Другой ролью данного персонажа, требующей иных, нежели извлечения из папок фотографий и документов, действий, становится свидетельская. В этом качестве Всеволод Волков должен показать и рассказать зрителю, что и где именно происходило в момент свершения важнейших событий в доме деда (благо, что интерьер сохранился практически без изменений). Как уже отмечалось, Всеволод — единственный диегетический нарратор, и в фильме И. Черновой он получает право объемно транслировать собственный опыт пережитой в раннем подростковом возрасте драмы — т. е. он становится второстепенным, но все же героем фильма. Именно поэтому ему посвящен отдельный авторский нарра-тив:
«Сына Зинаиды, Севу, привезли из Парижа в Мексику последние оставшиеся в живых старые друзья Льва Давидовича и Натальи, супруги Росмеры. После самоубийства матери мальчик жил с дядей, а после смерти Льва Седова его прятали то во Франции, то в Австрии, пока, наконец, не доставили к деду. Потерявший всех своих детей Троцкий был счастлив вновь обрести внука».
Архивные кинокадры и фотографии, запечатлевшие мальчика в период его проживания на улице Вены, клетки для кур и кроликов во дворе, воссоздают «мир повествуемой истории»:
«Мы жили бедно, нам не хватало очень многого. В лишениях, можно сказать, жили. Большую помощь оказывали американские коммунисты, которые присылали средства на содержание секретарей и расходы по дому. И дедушка работал, он получал гонорары за статьи и книги. В частности, один из контрактов с хорошим авансом он против своего желания принял и стал писать биографию Сталина. Его не интересовала биография Сталина, но это была материальная нужда, и он принял этот контракт и подписал. Он больше был заинтересован писать биографию Ленина».
В фильме немецких документалистов ни детской истории внука Троцкого, ни бытовых подробностей жизни Троцких в Мексике нет (при этом о детстве и семье
Льва Бронштейна в биографическом бэкграунде рассказано достаточно подробно и наглядно).

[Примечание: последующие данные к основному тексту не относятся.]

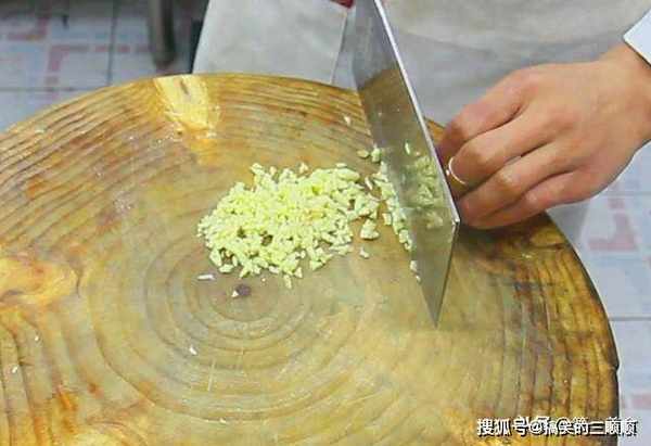 大蒜要多一点,拍扁后,剁成碎沫,蒜末出味。
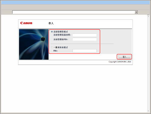 選擇[系統管理員模式]並輸入「系統管理員識別碼」/「系統管理員PIN」,然後按一下[登入]登入「遠端使用者介面」或MEAP應用程式(包含登入應用程式)。
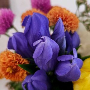 今日のお花 キク 🏷️カラフルな火曜日 リンドウも入ってるから 🏷️彩月 (いろどりづき)の青い花2025
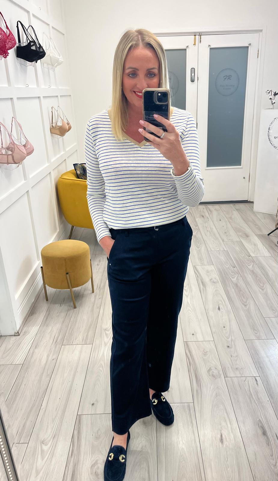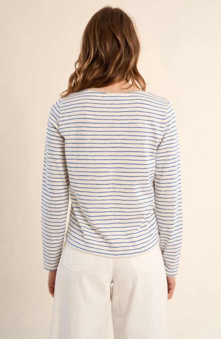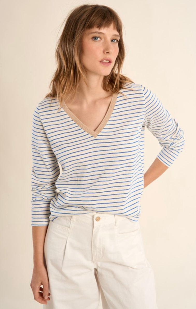 "-Sailor T-shirt, V-neck -Gold collar, rhinestone -Long sleeves -Straight fit -Length from the shoulder 58cm for a size S"
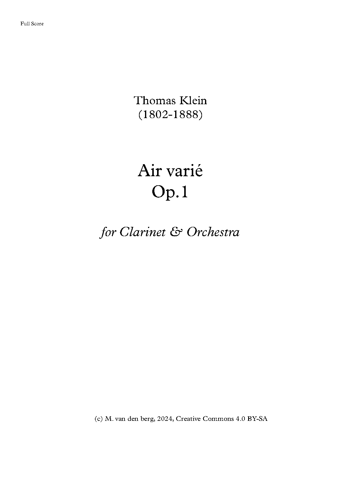 | Genre Categories | Variations; For clarinet, orchestra; Scores featuring the clarinet; |
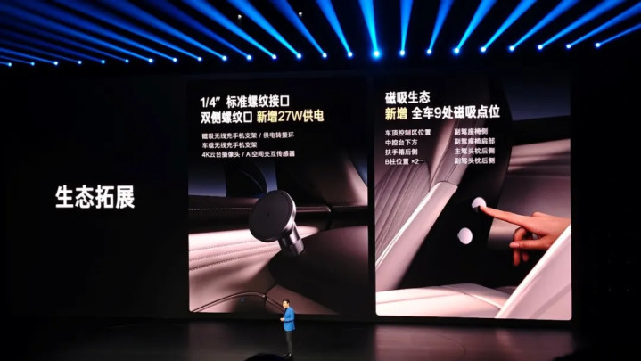 拓展性方面,前中控面板的两处螺纹接口新增了27W供电,支柱接入充电式手机支架,整车新增了9处磁吸点位,银河国际不错磁吸小米官方推出的玩偶、头枕、腰靠什么的。

Нет в фильме братьев Аст и акцента на изображение эмоционального состояния нарратора. В «Ледорубе для Троцкого» ему «позволено» развернуто передать ощущения, которые он испытывал тогда:
«Я спал на небольшой кровати здесь, в углу, когда ранним утром 24 мая вдруг ударом была выбита дверь. Я подумал, что это кто-то из персонала, но ворвался человек в светлом костюме, и тут я услышал выстрелы и почувствовал запах пороха. Я забился в угол под кроватью, потому что в это время, когда мои дедушка и бабушка спали в той комнате, с трех точек начались выстрелы — в эту дверь, в окно и из библиотеки. <...> Здесь загорелась мебель, я, конечно, испугался, потому что услышал слово „бомба" и представил, что сейчас весь дом разлетится на куски, и мной овладела паника.».

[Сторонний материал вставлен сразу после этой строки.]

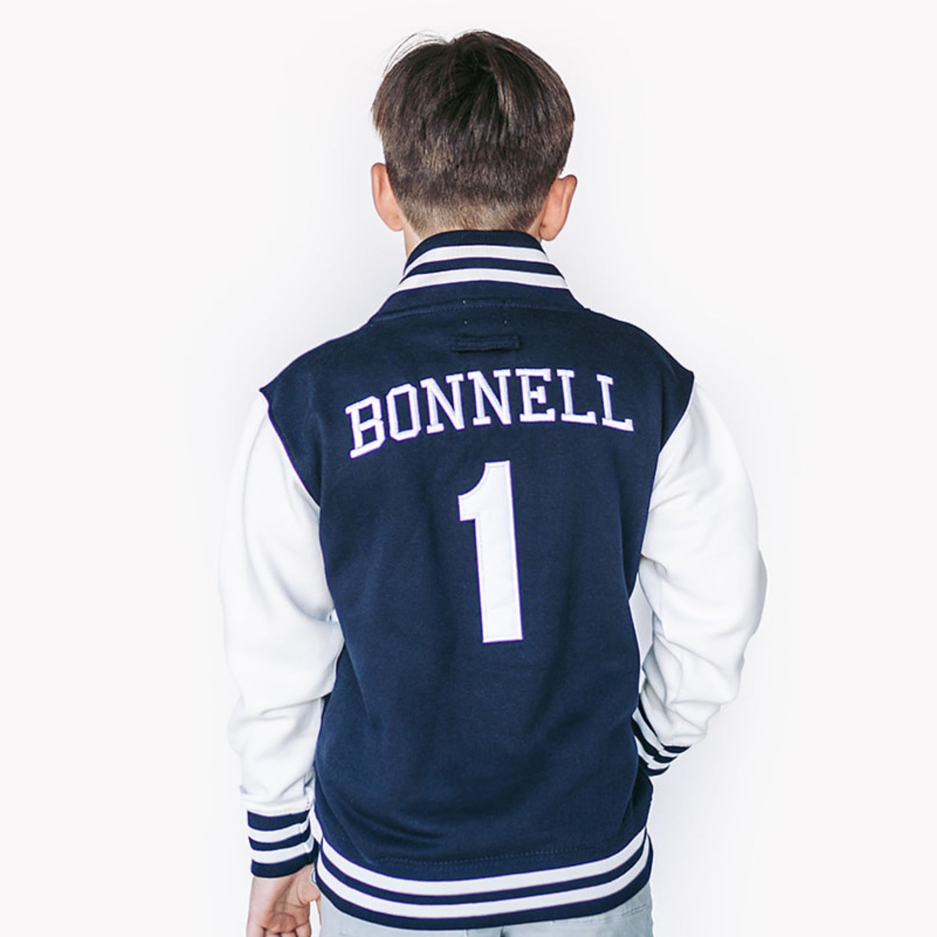 Personalized Kids Sweatshirt Varsity Jacket NAVY/WHITE

Речь нарратора экспрессивна, лексика акцентирует внутренние переживания, его эмоциональное состояние в момент совершения события: «забился», «испугался», «овладела паника». И это уже не рассказ очевидца того, как избежал смерти и что после этого чувствовал главный герой биографического кинонар-ратива, Троцкий, это интенционально субъективный, направленный на передачу собственных ощущений рассказ непосредственного участника события. В нем для зрителя и реализуется «двусобытийность» нарративного дискурса, который видит обращающегося к нему рассказчика и благодаря виртуальному присутствию на месте события может представить происходившее много лет назад событие в своем воображении.

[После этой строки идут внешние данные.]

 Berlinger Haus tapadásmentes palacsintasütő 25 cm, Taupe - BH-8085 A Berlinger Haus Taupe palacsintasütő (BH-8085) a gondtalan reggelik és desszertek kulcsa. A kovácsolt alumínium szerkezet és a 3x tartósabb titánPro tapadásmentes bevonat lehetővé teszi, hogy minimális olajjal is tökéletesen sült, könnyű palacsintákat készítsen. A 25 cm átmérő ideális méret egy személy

Тот же коммуникативный и когнитивный эффект возникает в эпизоде, когда Всеволод Волков рассказывает о последнем покушении на своего деда, произошедшем тремя месяцами позднее. Точнее, о том, как Рамон Меркадер совершил убийство Троцкого, за кадром повествует автор (в кадре — постановочная сцена-реконструкция), а внук жертвы говорит о том, как он видел случившееся:
«Я возвращался из школы и еще издали, выйдя на улицу Вена, увидел что-то ненормальное на улице. Потому что были полицейские у входа в дом, машины, припаркованные вдоль улицы, и у меня в сердце родилось какое-то недоброе предчувствие, и поэтому я ускорил шаг. Я пересек сад и вошел в библиотеку, заглянув в полуоткрытую дверь. И там я увидел Наталью и еще нескольких человек, склонившихся над телом дедушки, который лежал в луже крови. Я остался там, и дедушка сказал, чтобы мне не разрешали входить. И кроме того, он успел сказать охранникам, чтобы они не убивали Джексона, что он должен говорить».
Несомненно, в сравнении с аналогичным эпизодом в немецком фильме это более эмоциональный и в то же время более точный рассказ очевидца — не самого покушения, а его последствий, с реальной динамикой точки зрения нарратора: издалека, потом ближе и ближе, до границы, за которую мальчика не пустили. В сочетании с отчетливо семантизированным видеорядом (детали интерьера кабинета, монтажные включения архивных фотографий и кадров кинохроники) словесная наррация позволяет воссоздать событие максимально достоверно — как новое переживание личного опыта героя-нарратора. Драматический эффект
поддерживается и музыкальным сопровождением, вполне здесь уместным и не чрезмерно «кинематографическим».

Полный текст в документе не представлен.